## Task to carry out
Exact transcription with no images: write out all of the entries below.

(Records from a data source)

>>>

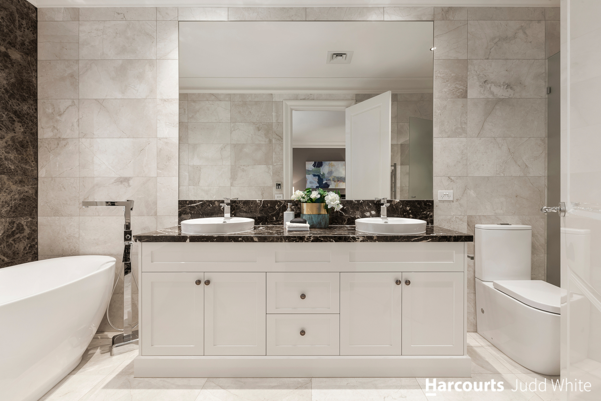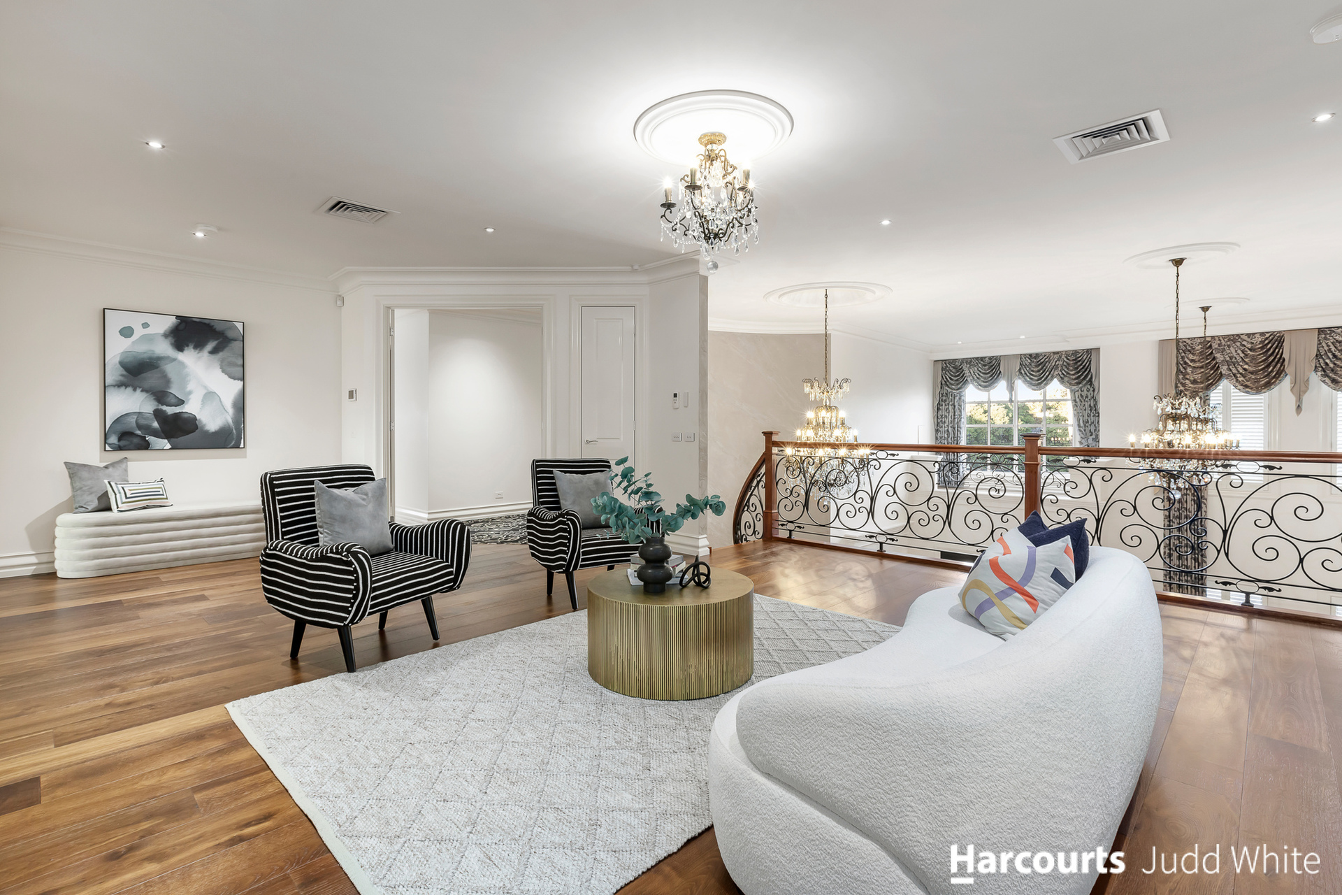 Finished to perfection with floor heating, central cooling and heating, ducted vacuum, alarm, video intercom, CCTV cameras, laundry chute, plantation shutters, plus two double garages with their own gated driveways.
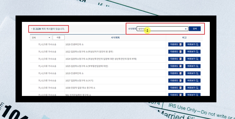 5. 이곳에서 제공하는 서식의 총 갯수는 2139개에요. 간단하게 서식 제목으로 "협의이혼"을 입력한 후 검색 버튼을 클릭해 보세요. 그럼 우리가 찾는 서식 리스트가 나타날 거에요.
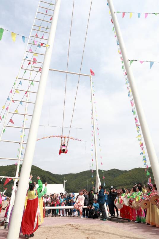 秋千是朝鲜族妇女最喜欢的活动之一,历史悠久,流行于延边朝鲜族自治州及其他朝鲜族聚居的广大农村。 <br />
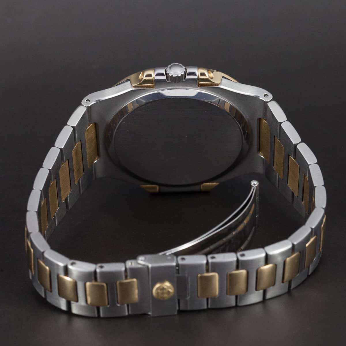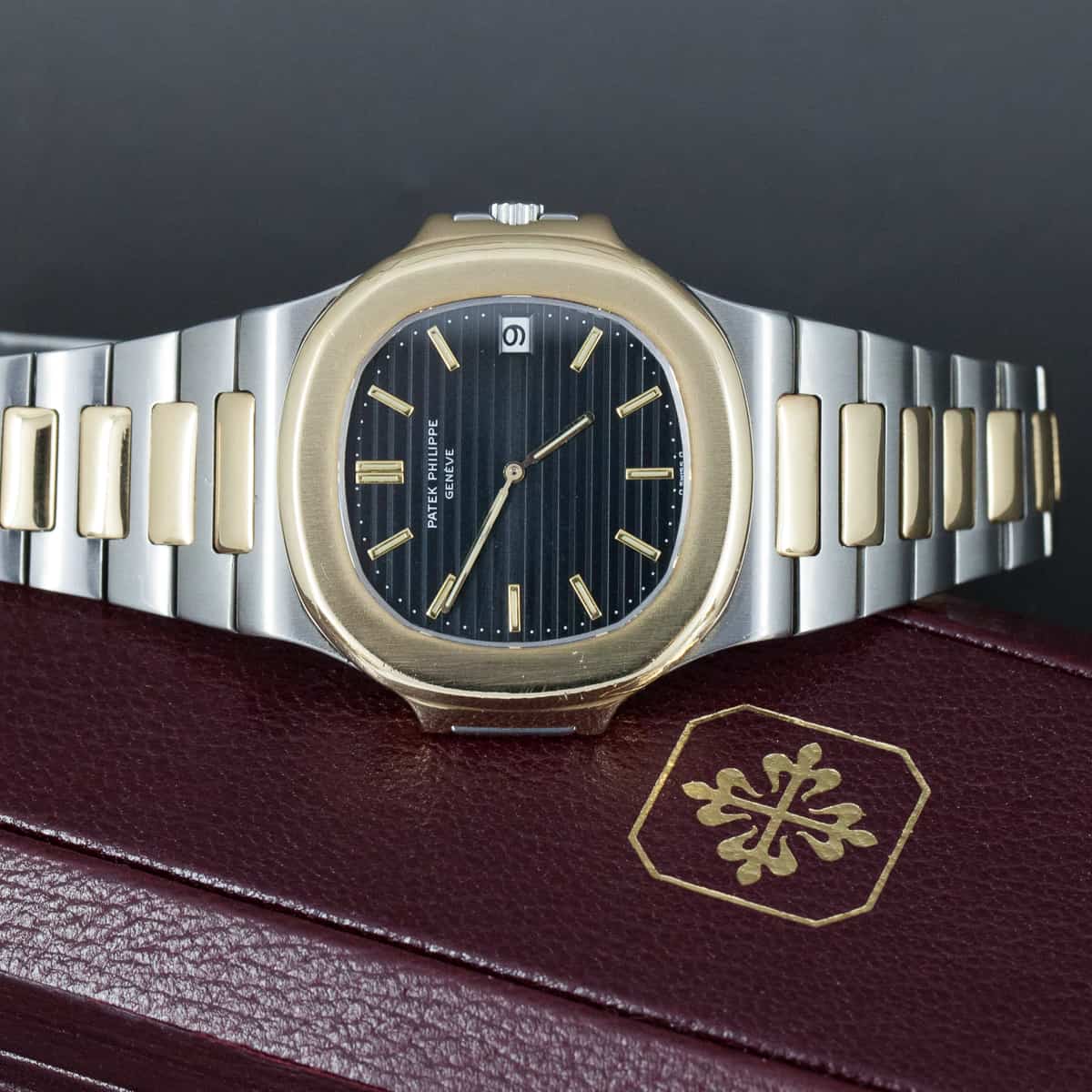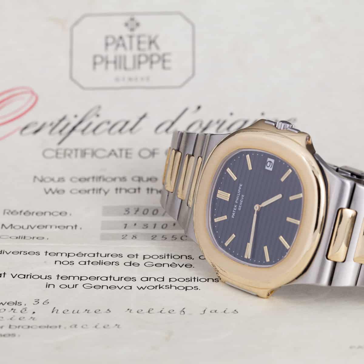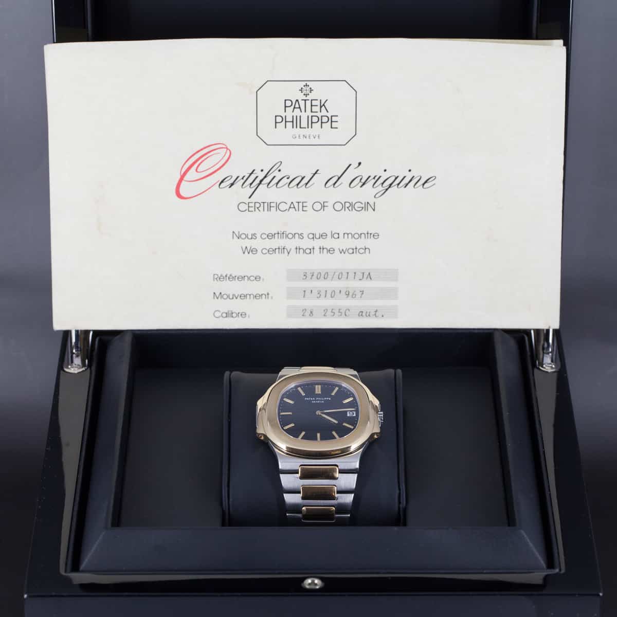 Hyvin harvinainen Patek Philippe Nautilus “Jumbo” ref. 3700-11AJ vuodelta 1985. Teräs-kulta malli kapenevalla rannekkeella (AJ). Mukana on alkuperäiset paperit ja kellolaatikko (ei alkuperäinen). Patek Philippe cal. 28.255C automaattikoneisto on testattu ja hyvässä kunnossa. Kello on vesitiivis. Kuoren koko on Jumbo mallissa 42mm x 38mm.
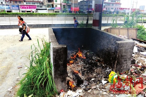 福峡路一所小学附近常有人烧垃圾 垃圾池作焚烧炉
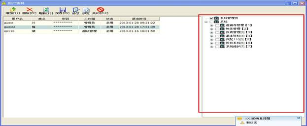 操作員管理此窗操作相對(duì)簡單,都是些添加,刪除,修改的操作,這里有一點(diǎn)要注意,當(dāng)您添加了一個(gè)新操作員時(shí)記得將右邊的權(quán)限勾上,要不然新的操作員登錄上去后什么權(quán)限都沒有,什么東西都操作不了。
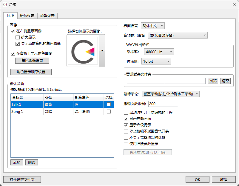 设置文件夹,用于存放冻结音轨或加载外部音频文件时生成的缓存文件。

<<<

## Response
 Finished to perfection with floor heating, central cooling and heating, ducted vacuum, alarm, video intercom, CCTV cameras, laundry chute, plantation shutters, plus two double garages with their own gated driveways.
 5. 이곳에서 제공하는 서식의 총 갯수는 2139개에요. 간단하게 서식 제목으로 "협의이혼"을 입력한 후 검색 버튼을 클릭해 보세요. 그럼 우리가 찾는 서식 리스트가 나타날 거에요.
 秋千是朝鲜族妇女最喜欢的活动之一,历史悠久,流行于延边朝鲜族自治州及其他朝鲜族聚居的广大农村。 <br />
 Hyvin harvinainen Patek Philippe Nautilus “Jumbo” ref. 3700-11AJ vuodelta 1985. Teräs-kulta malli kapenevalla rannekkeella (AJ). Mukana on alkuperäiset paperit ja kellolaatikko (ei alkuperäinen). Patek Philippe cal. 28.255C automaattikoneisto on testattu ja hyvässä kunnossa. Kello on vesitiivis. Kuoren koko on Jumbo mallissa 42mm x 38mm.
 福峡路一所小学附近常有人烧垃圾 垃圾池作焚烧炉
 操作員管理此窗操作相對(duì)簡單,都是些添加,刪除,修改的操作,這里有一點(diǎn)要注意,當(dāng)您添加了一個(gè)新操作員時(shí)記得將右邊的權(quán)限勾上,要不然新的操作員登錄上去后什么權(quán)限都沒有,什么東西都操作不了。
 设置文件夹,用于存放冻结音轨或加载外部音频文件时生成的缓存文件。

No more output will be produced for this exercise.